### Your task
Set each record down exactly, excluding all images.

==== Exercise material

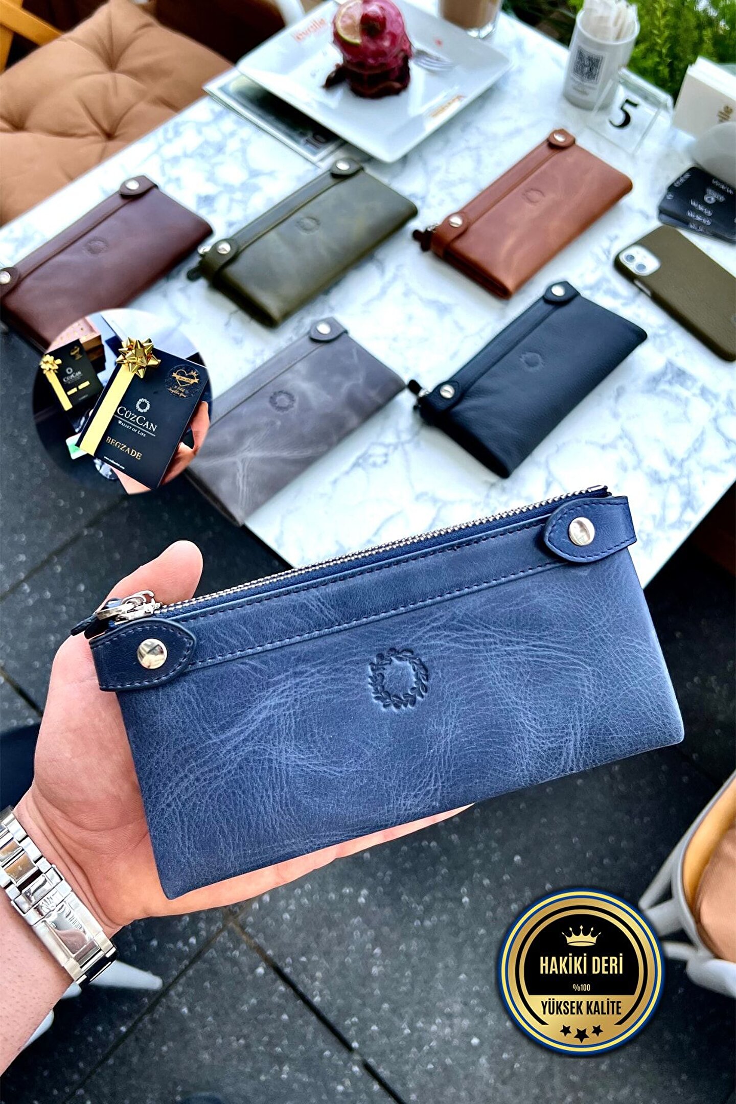 Antik Lacivert Çift Telefon Bölmeli Hakiki Deri Unisex Cüzdan Kişiye Özel Isim Baskılı
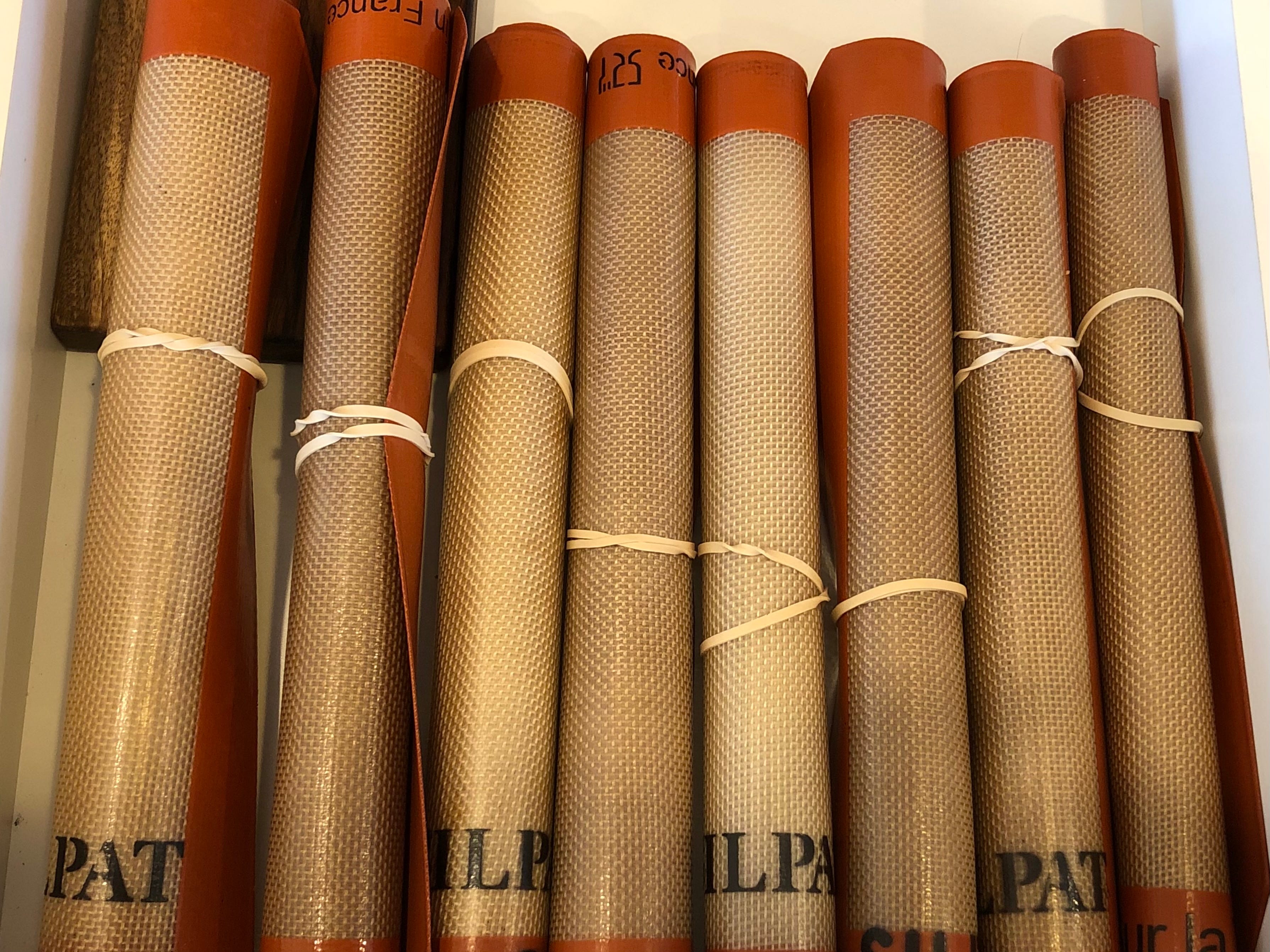Parchment Paper: Parchment paper is a great substitute for a Silpat mat. I recommend that you have both Silpat mats and parchment paper in your kitchen tool arsenal. Parchment works well for cookies that might lift up from a Silpat mat (stamping cookies for example), you can use it to roll out cookie dough and separate the stacks in the fridge. If you are worried about cross-contamination, being able to toss out a piece of parchment paper between cookie batches is the way to go. Beyond baking, it’s great to line a baking sheet to roast vegetables, fish, etc. I buy pre-cut sheets that exactly fit my half sheet pans. You can get them quantities of 100 or even 1000.
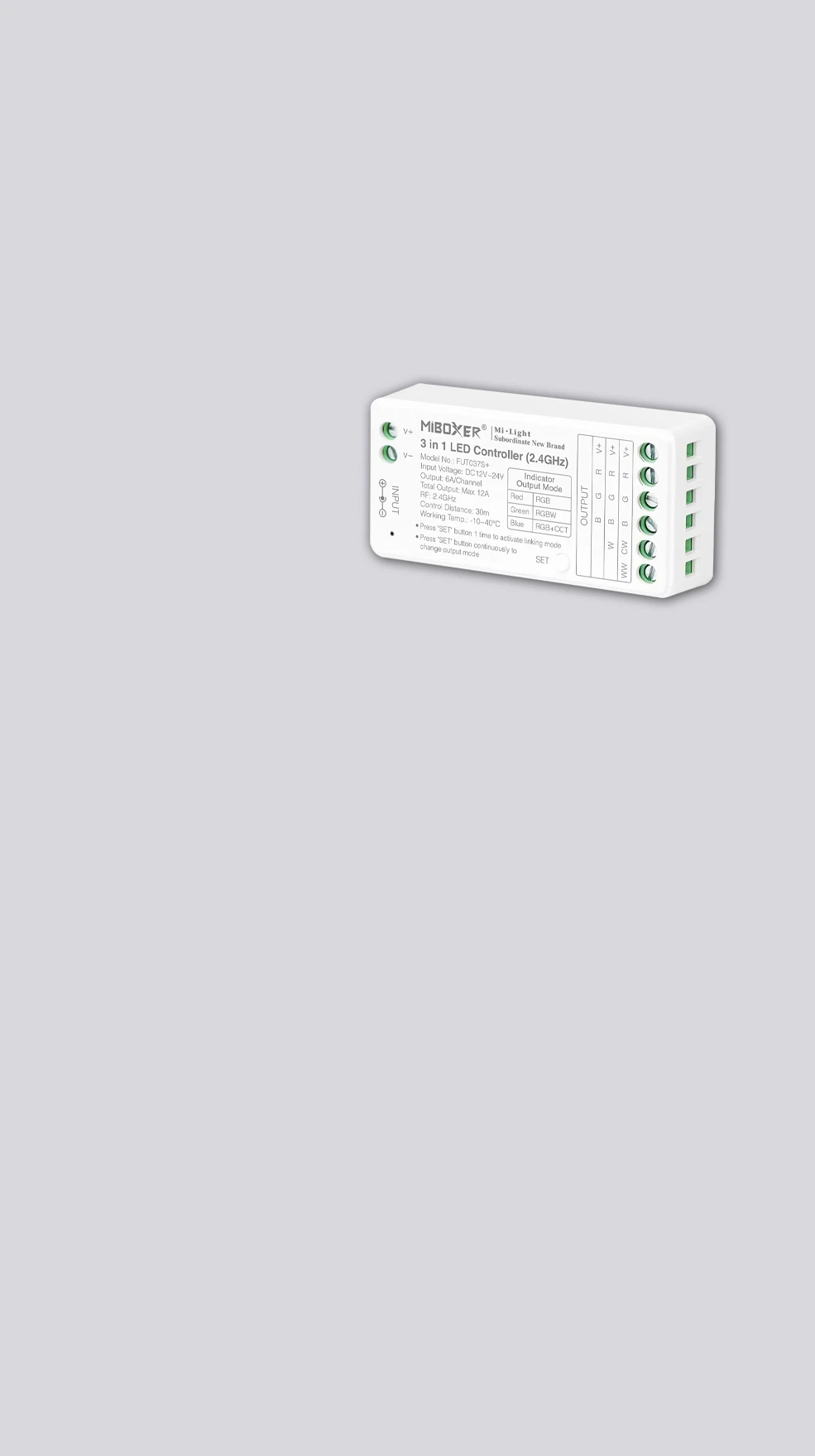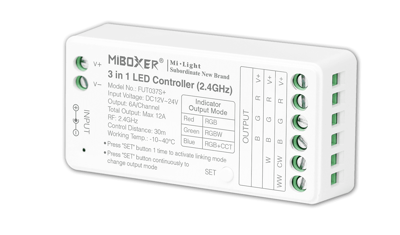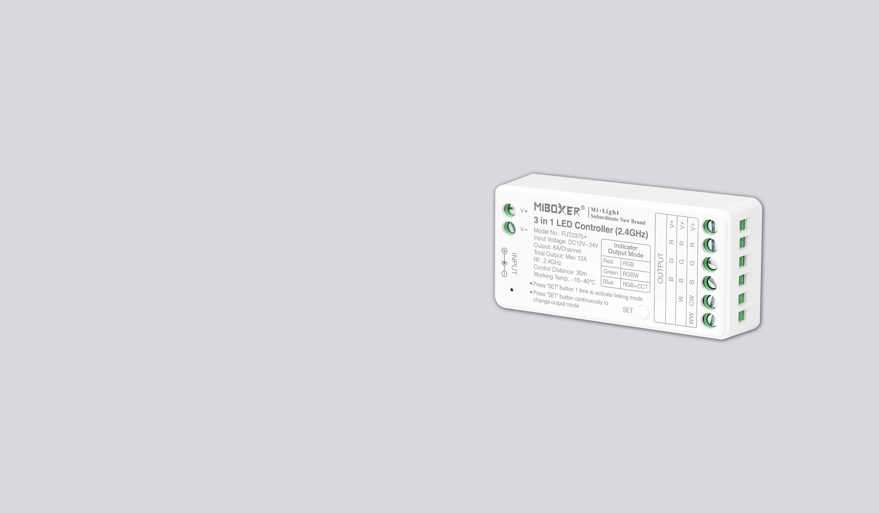 FUT037S+ umożliwia sterowanie oświetleniem LED w trybach RGB, RGBW oraz RGB+CCT przy użyciu pilotów i paneli 2.4 GHz. Oferuje stabilną pracę i pełną kontrolę koloru bez konieczności korzystania z sieci WiFi.
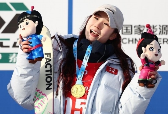 劉夢婷的雪板上有一個“谷”字,她解釋說這是谷愛凌同款定制雪板。“我很喜歡她的風格,把她作為我的榜樣,激勵我進步?!?/p>
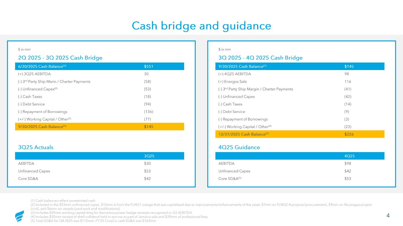 Cash bridge and guidance (1) Cash balances reflect unrestricted cash2 Included i the $53mm unfinanced capex, $10mm is from the FLNG1 outage that was capitalized due to improvements/enhancements of the asset, $7mm on FLNG2-4 projects (procurement), $9mm on Nicaragua project (civil), and $6mm on vessels (yard work and modifications)3 s $59mm worki g capi al dr g for Barcarena power dge receip s r cognized in Q3 AEBITDA4 30 r eipt o shell collateral held in escr as part of Jamaica sale and $39mm of professional fees 5 Total SGA for Q4 2025 wa $115mm. FY’25 Co Co cash SGA was $ 63mm (1) Cash balances reflect unrestricted cash (2) Included in the $53mm unfinanced capex, $10mm is from the FLNG1 outage that was capitalized due to improvements/enhanceme nts of the asset, $7mm on FLNG2 -4 projects (procurement), $9mm on Nicaragua project (civil), and $6mm on vessels (yard work and modifications) (3) Includes $59mm working capital drag for Barcarena power hedge receipts recognized in Q3 AEBITDA (4) Includes $30mm receipt of shell collateral held in escrow as part of Jamaica sale and $39mm of professional fees (5) Total SG&A for Q4 2025 was $115mm. FY’25 CoreCo cash SG&A was $163mm 6/30/2025 Cash Balance (1) $551 (+) 3Q25 AEBITDA 30 (-) 3 rd Party Ship Marin / Charter Payments (58) (-) Unfinanced Capex (2) (53) (-) Cash Taxes (18) (-) Debt Service (94) (-) Repayment of Borrowings (136) (+/ -) Working Capital / Other (3) (77) 9/30/2025 Cash Balance (1) $145 $ in mm 2Q 2025 - 3Q 2025 Cash Bridge 3Q25 AEBITDA $30 Unfinanced Capex $53 Core SG&A $42 3Q25 Actuals 9/30/2025 Cash Balance (1) $145 (+) 4Q25 AEBITDA 98 (+) Energos Sale 116 (-) 3 rd Party Ship Margin / Charter Payments (41) (-) Unfinanced Capex (42) (-) Cash Taxes (14) (-) Debt Service (9) (-) Repayment of Borrowings (3) (+/ -) Working Capital / Other (4) (23) 12/31/2025 Cash Balance (1) $226 $ in mm 3Q 2025 - 4Q 2025 Cash Bridge 4Q25 AEBITDA $98 Unfinanced Capex $42 Core SG&A (5) $53 4Q25 Guidance 4
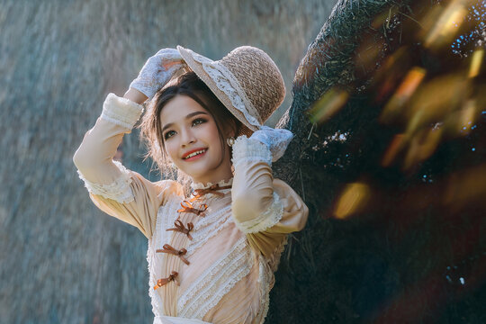 Young Asian woman in edwardian style dress and big hat standing in the front of the hut. Portrait of aristocratic girl.vintage blouse costume. Historical dresses, victorian or edwardian

========

### Written answer
 Antik Lacivert Çift Telefon Bölmeli Hakiki Deri Unisex Cüzdan Kişiye Özel Isim Baskılı
Parchment Paper: Parchment paper is a great substitute for a Silpat mat. I recommend that you have both Silpat mats and parchment paper in your kitchen tool arsenal. Parchment works well for cookies that might lift up from a Silpat mat (stamping cookies for example), you can use it to roll out cookie dough and separate the stacks in the fridge. If you are worried about cross-contamination, being able to toss out a piece of parchment paper between cookie batches is the way to go. Beyond baking, it’s great to line a baking sheet to roast vegetables, fish, etc. I buy pre-cut sheets that exactly fit my half sheet pans. You can get them quantities of 100 or even 1000.
 FUT037S+ umożliwia sterowanie oświetleniem LED w trybach RGB, RGBW oraz RGB+CCT przy użyciu pilotów i paneli 2.4 GHz. Oferuje stabilną pracę i pełną kontrolę koloru bez konieczności korzystania z sieci WiFi.
 劉夢婷的雪板上有一個“谷”字,她解釋說這是谷愛凌同款定制雪板。“我很喜歡她的風格,把她作為我的榜樣,激勵我進步?!?/p>
 Cash bridge and guidance (1) Cash balances reflect unrestricted cash2 Included i the $53mm unfinanced capex, $10mm is from the FLNG1 outage that was capitalized due to improvements/enhancements of the asset, $7mm on FLNG2-4 projects (procurement), $9mm on Nicaragua project (civil), and $6mm on vessels (yard work and modifications)3 s $59mm worki g capi al dr g for Barcarena power dge receip s r cognized in Q3 AEBITDA4 30 r eipt o shell collateral held in escr as part of Jamaica sale and $39mm of professional fees 5 Total SGA for Q4 2025 wa $115mm. FY’25 Co Co cash SGA was $ 63mm (1) Cash balances reflect unrestricted cash (2) Included in the $53mm unfinanced capex, $10mm is from the FLNG1 outage that was capitalized due to improvements/enhanceme nts of the asset, $7mm on FLNG2 -4 projects (procurement), $9mm on Nicaragua project (civil), and $6mm on vessels (yard work and modifications) (3) Includes $59mm working capital drag for Barcarena power hedge receipts recognized in Q3 AEBITDA (4) Includes $30mm receipt of shell collateral held in escrow as part of Jamaica sale and $39mm of professional fees (5) Total SG&A for Q4 2025 was $115mm. FY’25 CoreCo cash SG&A was $163mm 6/30/2025 Cash Balance (1) $551 (+) 3Q25 AEBITDA 30 (-) 3 rd Party Ship Marin / Charter Payments (58) (-) Unfinanced Capex (2) (53) (-) Cash Taxes (18) (-) Debt Service (94) (-) Repayment of Borrowings (136) (+/ -) Working Capital / Other (3) (77) 9/30/2025 Cash Balance (1) $145 $ in mm 2Q 2025 - 3Q 2025 Cash Bridge 3Q25 AEBITDA $30 Unfinanced Capex $53 Core SG&A $42 3Q25 Actuals 9/30/2025 Cash Balance (1) $145 (+) 4Q25 AEBITDA 98 (+) Energos Sale 116 (-) 3 rd Party Ship Margin / Charter Payments (41) (-) Unfinanced Capex (42) (-) Cash Taxes (14) (-) Debt Service (9) (-) Repayment of Borrowings (3) (+/ -) Working Capital / Other (4) (23) 12/31/2025 Cash Balance (1) $226 $ in mm 3Q 2025 - 4Q 2025 Cash Bridge 4Q25 AEBITDA $98 Unfinanced Capex $42 Core SG&A (5) $53 4Q25 Guidance 4
 Young Asian woman in edwardian style dress and big hat standing in the front of the hut. Portrait of aristocratic girl.vintage blouse costume. Historical dresses, victorian or edwardian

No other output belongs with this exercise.